How I think about estimates

In one of my previous posts I talked about what Happy path engineering is and how understanding the time to implement plays an important factor in that.

So, if time to implement is important how can we get better at estimating the time we need and how can we help others understand the benefits that estimates bring (and, the often, innacurate nature of them)?

I have heard a lot of different opinions about this over the years by a lot of people, with different backgrounds, skills, seniority and experience:

  • estimates are hard
  • estimates are never accurate
  • we don’t need estimates we are working in an agile manner
  • we don’t need estimates we only need a list of priorities

And to be fair I have found that there is truth in all of these statements. Yes estimates are hard, yes we don’t always get them right, yes we do want to have a clear list of priorities that we can adapt as we go. But all of these still don’t mean that estimates are a bad thing to aim to get right or that they don’t genuinely help us make better decisions every single day.

How estimates help

Planning

One of the most important things that estimates help us with is planning for our time and our team’s time.

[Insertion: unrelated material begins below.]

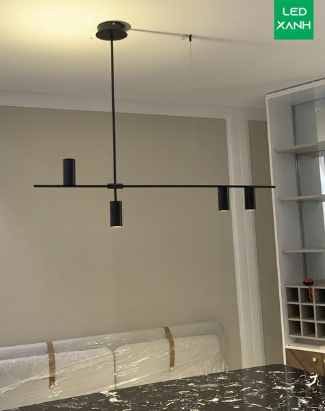 Đèn có độ dài 1m2, gồm 4 chao đèn có dáng hình lon ống bơ được thiết kế bất đối xứng tạo ra mẫu đèn lạ mắt, độc đáo

There are always a lot of things that we can be developing and this is part of the fun of being an engineer 🙂. Estimates can help us priotise and understand roughly where we could be in X amount of days, weeks or months. Can we actually realistically get there is one of the questions that we can help answer.

Making trade-offs

They affect our technical and non-technical decisions. For example if you estimate that producing a solution to cover a particular requirement will take up your team’s time for the next 5 months you may decide to evaluate other solutions or even changing the requirements a bit.

People

Another important factor, if we can’t meet our goals and we can’t cut down scope then what do we do? Here is where estimates can also help us with additional support. By the way it’s not uncommon to need additional help either by someone with skills that your team does not currently have or by other engineers.

Estimate levels

Estimates apply to different levels. If you are a Tech lead or Manager and you are leading a project for your team, then the estimates you produce may affect the decisioning process of many engineers, your whole team or even your company.

At a macro level

At this level there is usually a lot more ambiguity and uncertainty about how to go about producing a “good enough” estimate. A few quick tips on how to practise this on a project basis:

  • at the beginning of a project produce a rough estimate of the work you anticipate (this helps with longer term planning for the team)
  • if there are high levels of uncertainty then do a targeted spike to remove unknowns
  • at the end of the spike re-evaluate and set mile stones for the work

At a micro level

As an individual contributor working on a particular ticket or feature you can practice this even on a ticket basis. The next time you are about to start something new:

  • set an expectation for yourself of how long you think it’s going to take
  • do the work as you would normally do
  • look back and see how far you are from what you thought and see what was unexpected

By doing these simple things you will see so much improvement (and so quickly as well) that you’ll be surprised !

Anti-patterns / Things to avoid

The most common anti-pattern I have seen and a common reason why a lot of people do not want to provide estimates for their work is that the initial rough estimates are often converted to deadlines that they simply can’t meet. This not only creates a lot of unnecessary pressure but also significantly reduces the team’s moral as people constantly feel behind the plan.

Another anti-pattern is massively overestimating the time to implement to avoid being pushed in a conrner with deadlines. This I would say it’s a defence mechanism to the first malfunction of treating initial rough estimates as deadlines.

And finally another anti-pattern is becoming to rigid on the estimates and missing the point that estimates are there as a guide and there is no way to completely avoid anything unexpected happening. How we react to unexpected issues and use estimates to guide our decision making is what we should be focusing on in these cases.

Final thoughts

Estimates are a skill that you can definitely develop. The more you consciously work on it the better you become and the more confident you can be to bring others along with you.